◆ WHAT TO PRODUCE
Quote word for word from the line holding "RESULT DEAR PRESTIGE" to the last line below, including both, and omit any pictures.

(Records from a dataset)

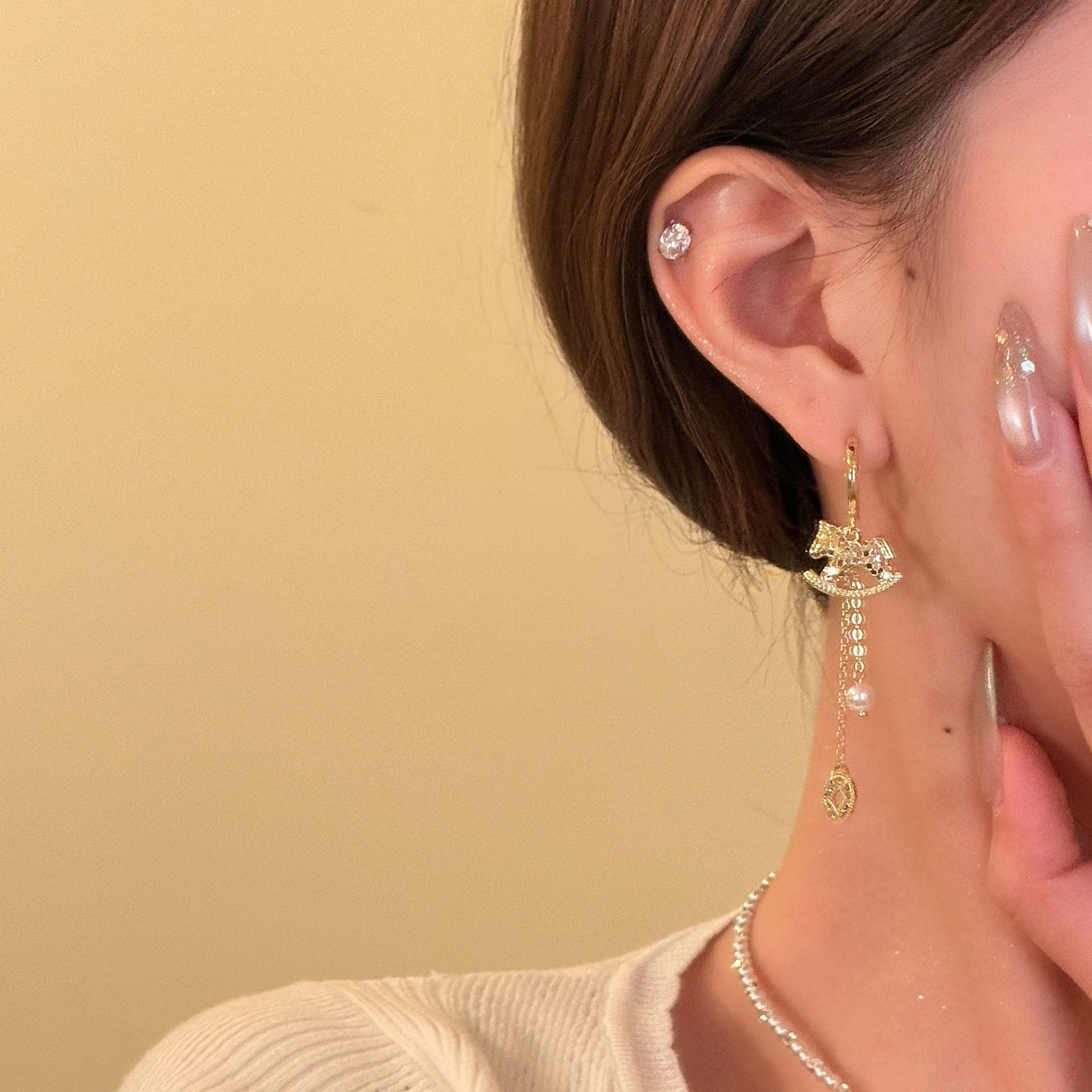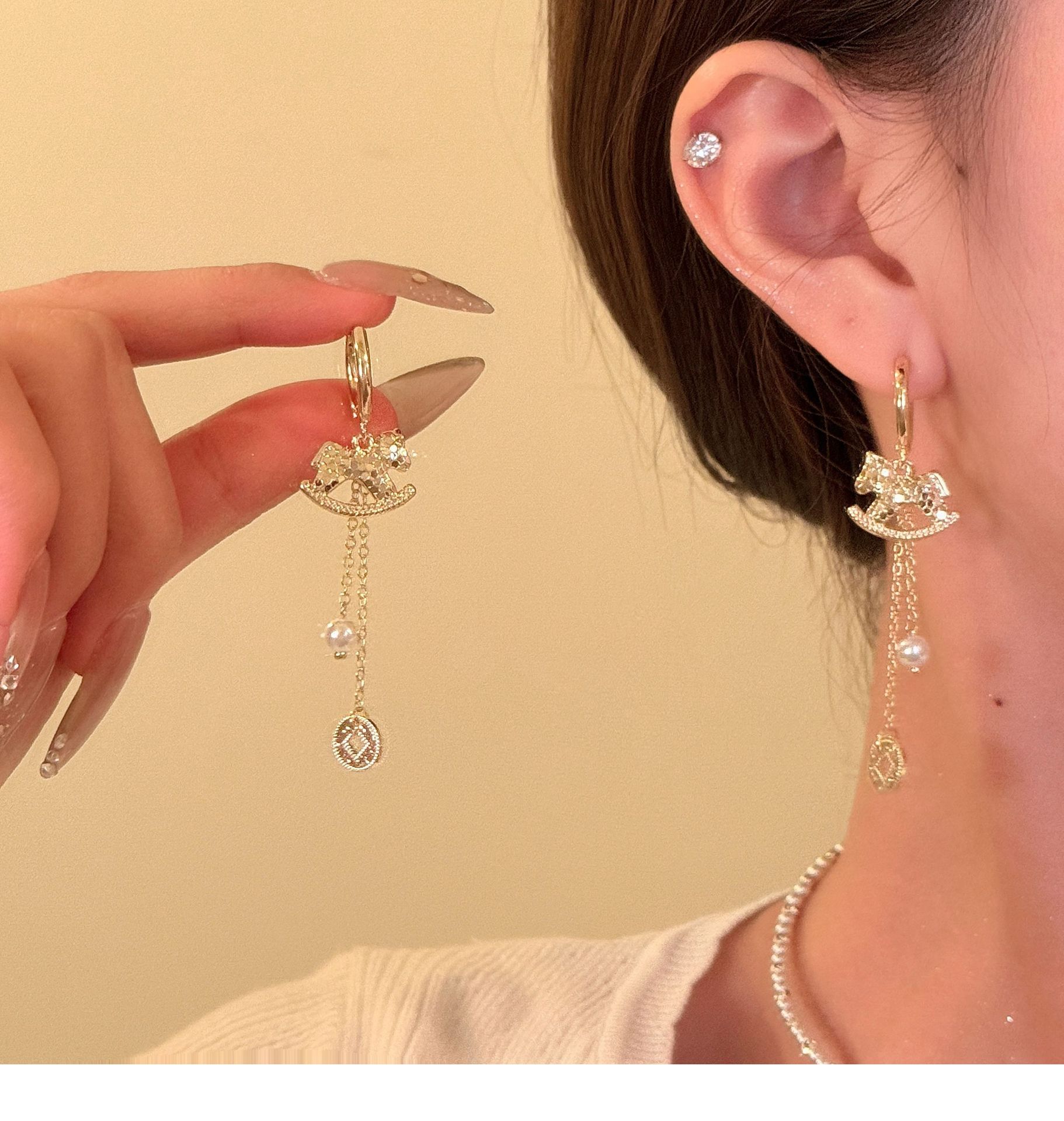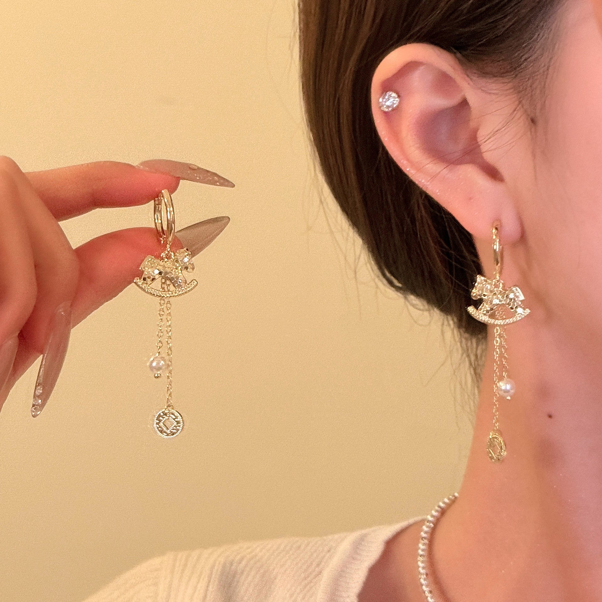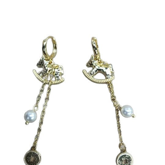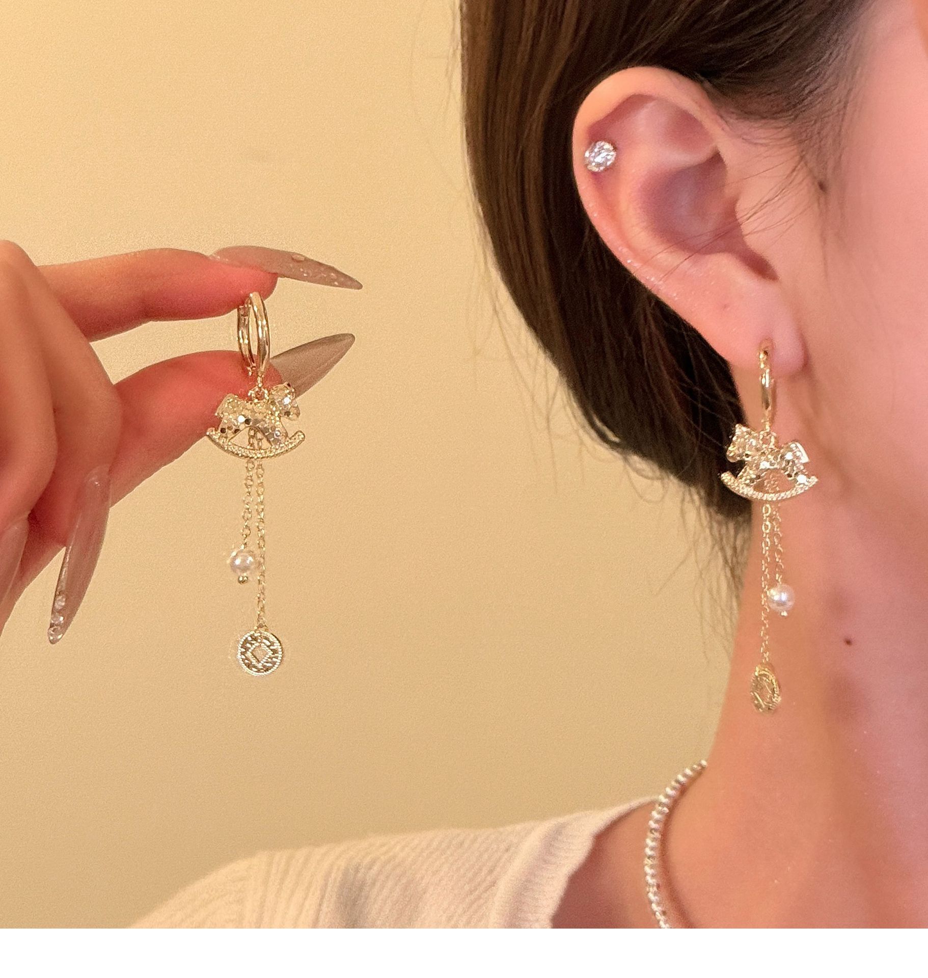 A2廠 韓國韓版小馬銅錢流蘇珍珠耳環 批發 折扣@洽客服 26.01.W1「HE29691」
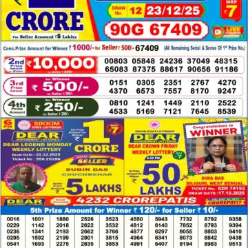 RESULT DEAR PRESTIGE TUESDAY WEEKLY LOTTERY 23.12.2025
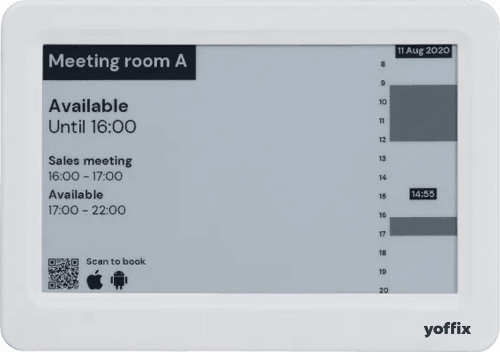 See availability or booking details in the app, on room displays, on Yoffix digital signage or kiosk
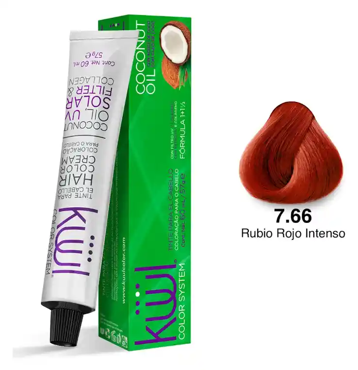 KUUL TINTURA PERMANENTE - TINTE 7.66 RUBIO ROJO INTENSO GRATIS MASCARILLA REPARADORA (NO INCLUYE OXIGENTA) Contenido Neto: 90 ml e 3.04 fl oz. Se debe aplicar con oxigenta de 135ml (No incluida) DESCRIPCIÓN: Sistema de coloración que incorpora en su fórmula componentes nutritivos como la proteína de trigo y aceite mineral que brindan ingredientes esenciales para la regeneración del cabello, dando como resultado sedosidad, hidratación, brillo y color intenso. Gracias a su fórmula, Küül Color System aporta una mayor cantidad de pigmentos que prolongan la intensidad del color en el cabello y está enriquecido con filtro solar para una mayor protección.
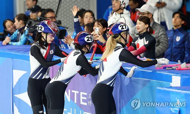 이날 여자계주 준결승이 먼저 진행됐다. 한국은 2조에 속해 일본, 인도와 겨뤘다. 김건희, 이소연, 노도희(화성시청), 심석희(서울시청)가 출전해 4분13초944로 가뿐히 1위에 올랐다. 일본이 4분26초093으로 남은 결승행 티켓 한 장을 얻었다.
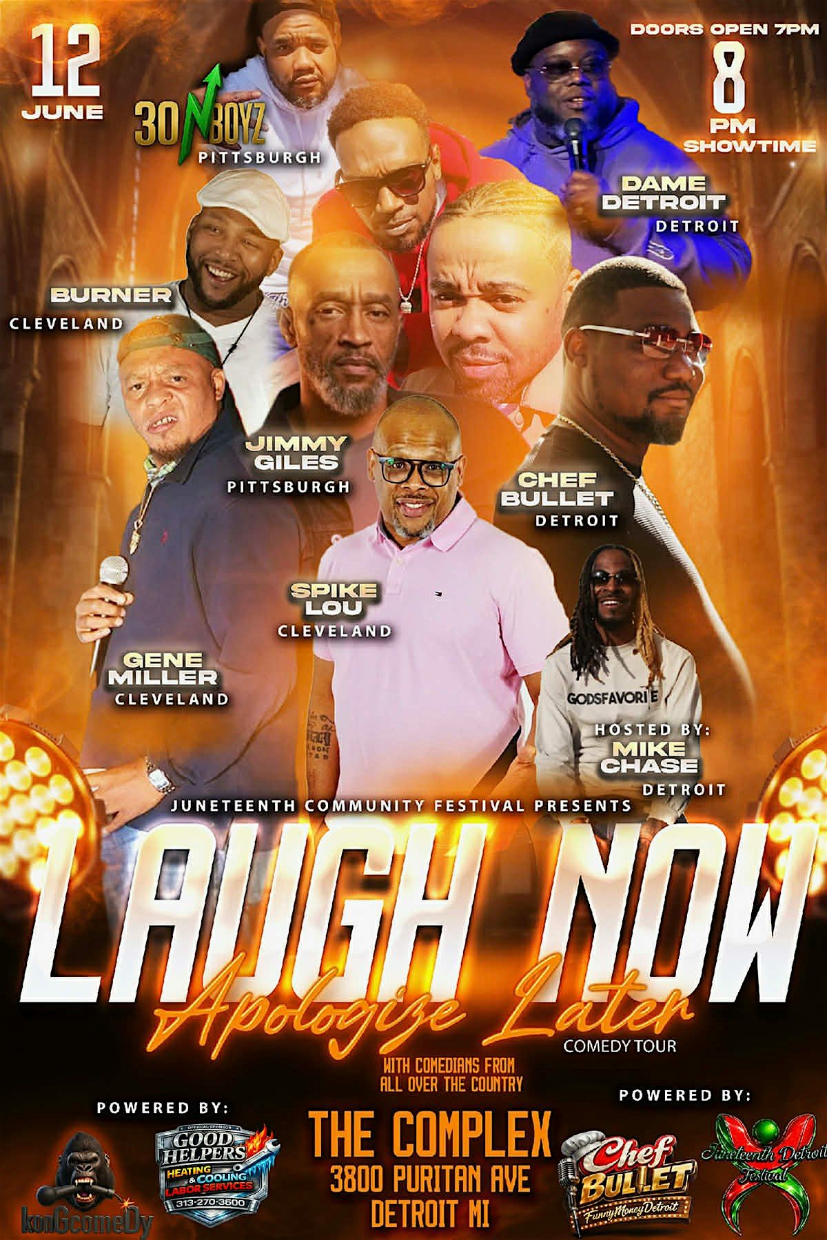 Comedians from 3 states will takeover 1 stage! Featuring the "30 n Up Boyz"! Proceeds go towards Juneteenth parade n family day

◆ RESPONSE BOX
 RESULT DEAR PRESTIGE TUESDAY WEEKLY LOTTERY 23.12.2025
 See availability or booking details in the app, on room displays, on Yoffix digital signage or kiosk
 KUUL TINTURA PERMANENTE - TINTE 7.66 RUBIO ROJO INTENSO GRATIS MASCARILLA REPARADORA (NO INCLUYE OXIGENTA) Contenido Neto: 90 ml e 3.04 fl oz. Se debe aplicar con oxigenta de 135ml (No incluida) DESCRIPCIÓN: Sistema de coloración que incorpora en su fórmula componentes nutritivos como la proteína de trigo y aceite mineral que brindan ingredientes esenciales para la regeneración del cabello, dando como resultado sedosidad, hidratación, brillo y color intenso. Gracias a su fórmula, Küül Color System aporta una mayor cantidad de pigmentos que prolongan la intensidad del color en el cabello y está enriquecido con filtro solar para una mayor protección.
 이날 여자계주 준결승이 먼저 진행됐다. 한국은 2조에 속해 일본, 인도와 겨뤘다. 김건희, 이소연, 노도희(화성시청), 심석희(서울시청)가 출전해 4분13초944로 가뿐히 1위에 올랐다. 일본이 4분26초093으로 남은 결승행 티켓 한 장을 얻었다.
 Comedians from 3 states will takeover 1 stage! Featuring the "30 n Up Boyz"! Proceeds go towards Juneteenth parade n family day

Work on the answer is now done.